TIFF is currently in full swing and while there are many, many great films to screen, I recently came across a perfect gem of a movie on DVD, Electric Edwardians: The Lost Films of Mitchell and Kenyon. Sagar Mitchell and James Kenyon travelled through Edwardian Britain filming ordinary local people in the morning and then holding screenings later the same day so that these folks could delight in seeing themselves on the big screen. This was a lucrative business for a number of years until the audience tired of watching themselves and demanded narrative. The two men abandoned the business and placed the negatives beneath the floorboards of a house. Packed in tin canisters, these precious films were discovered close to a hundred years later when the building was slated to be demolished. Painstakingly and lovingly restored by the British Film Institute, Electric Edwardians is a sample of the most compelling of the found footage, set to a sublime musical score by Klive and Nigel Humberstone. As an added bonus on the DVD (which should almost be screened first), some of the films’ restorers and historians talk about the complex technological task of bringing Mitchell and Kenyon’s work back to life. Watching the documentary is one of the closest things to time travel I have ever experienced. Often the subjects look right into the lens, kids ham it up for the camera, and the net effect is as melancholy as it is magical.

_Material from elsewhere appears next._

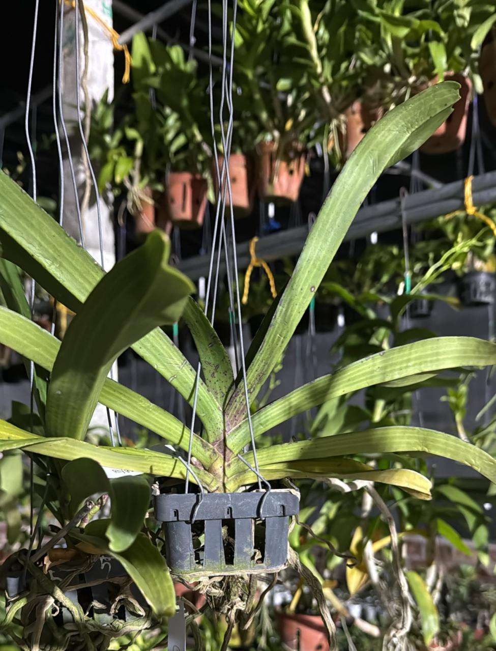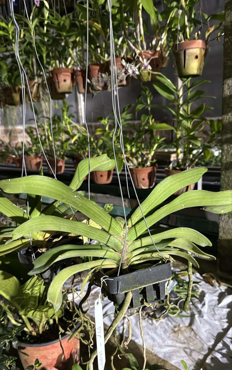 Rhynchostylis is a highly ornamental monopodial orchid genus prized for its dense, pendulous flower spikes. When in bud stage, the plant shows clear signs of an upcoming spectacular bloom.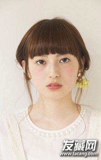 厚重的齐刘海遮盖住整个额头衬托出白皙甜美的脸蛋,两鬓轻垂下来的发束更显女人味。

Children Phys Ed Demonstration 1904, from Electric Edwardians

Closer to home, when I was working on my film on the history of the Evergreen Brickworks, I stumbled across some early films of Toronto at the wonderful and underused City of Toronto Archives. Canada’s visual records are alas not nearly as well organized and preserved as in other countries. Much of the Libraries Canada’s collection is not available on line and can only be screened in Ottawa. It’s a real shame because nothing quite brings the past to life like a – beautifully restored – moving image.